Impact Assessment

TPP to help Vietnam balance trade relations: economists

Hanoi (VNA) – The participation in the Trans-Pacific Partnership (TPP) agreement will provide a chance for Vietnam to balance its trade relations and avoid over-dependence on certain markets, economists said at a recent seminar in Ho Chi Minh City.

Deputy Minister of Agriculture and Rural Development Tran Thanh Nam said the TPP will open up an immense export market for Vietnam with a number of its staple agricultural exports benefiting from low taxes.

Foreign investment accompanied by advanced technologies and skilled labour will fan production expansion and agricultural restructuring, he added. Under the FTAs, stronger commitments to investment climate improvement and intellectual property protection will surely draw more foreign investors, particularly big groups, to Vietnam, economists added. However, the TPP participation will also pose major challenges to the country’s agriculture when imported products will create strong competitive pressure on domestic goods, Deputy Minister Nam predicted. He forecast more non-tariff barriers to be erected when tariff barriers are removed. As the TPP includes stringent regulations on copyright, labour, origin and the environment, industries with low competitiveness will suffer from losses at different levels.

While a majority of businesses shared the view that new FTAs will fuel growth, agriculture companies are concerned that it will be uneasy to make use of opportunities. It will need modern facilities, strict process and skilled labourers to ensure agricultural products’ quality throughout the production and distribution chains.

Tran Cong Thang, Deputy Director of the Institute for Policy and Strategy for Agriculture and Rural Development, urged the expeditious dissemination of FTAs’ content and information about their possible impacts on managerial agencies, enterprises, cooperatives and farmers.

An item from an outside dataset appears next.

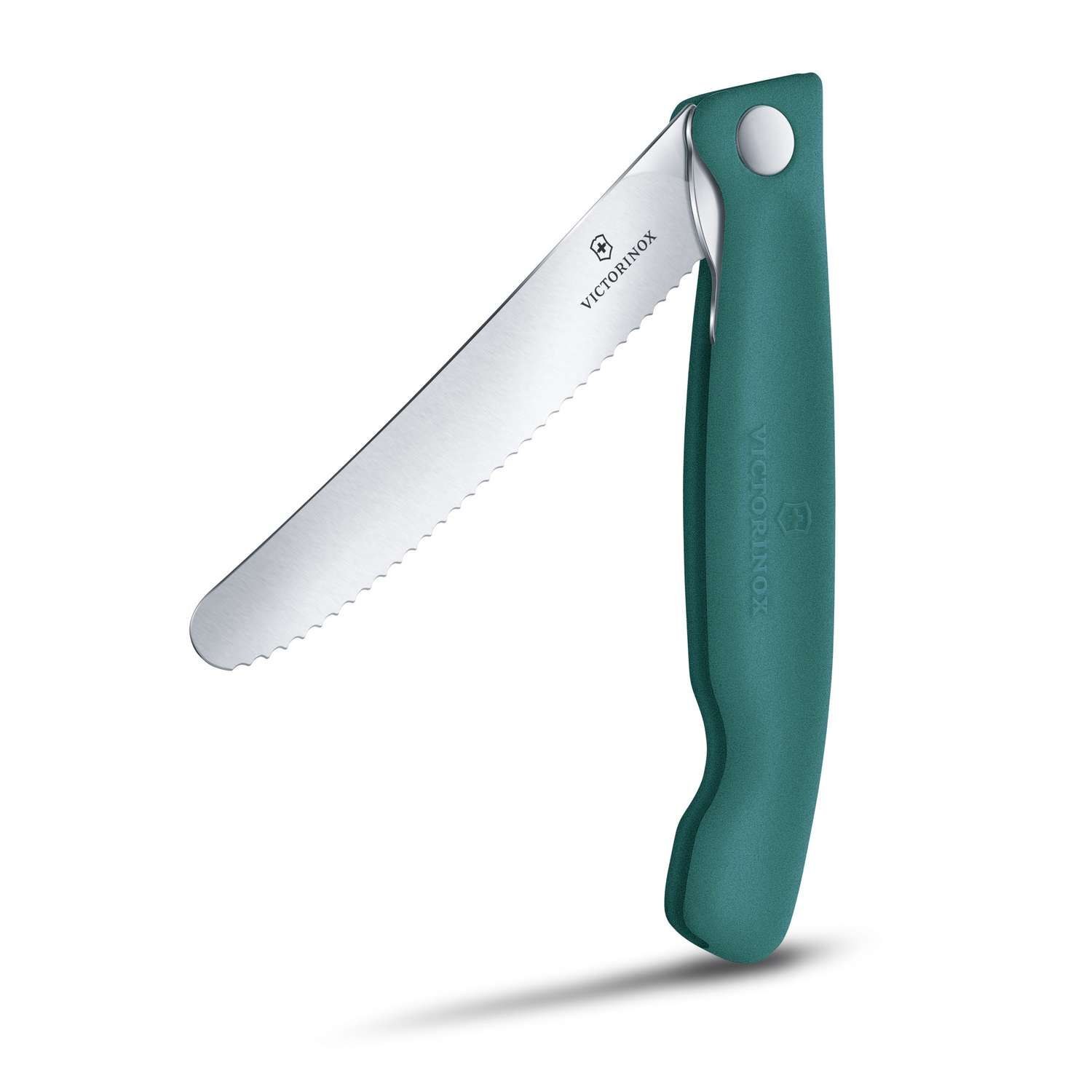 Μαχαίρι κουζίνας 11cm στρογγυλό οδοντωτό πράσινη λαβή αναδιπλούμενο Swiss Classic -6.7834.FC1- Victorinox

Vietnam must also build standard systems that meet the requirements of TPP members while preventing imported goods of inferior quality.

The country should enhance the trading of its strong farm products and join global value chains, he said, suggesting it design policies to buffer negative influences on vulnerable commodities. At the function, other mid- and long-term measures were also proposed such as accelerating agricultural restructuring, reducing dependence on imported materials, fine-tuning the policy environment, and improving the capacity of applying sanitary and phytosanitary measures.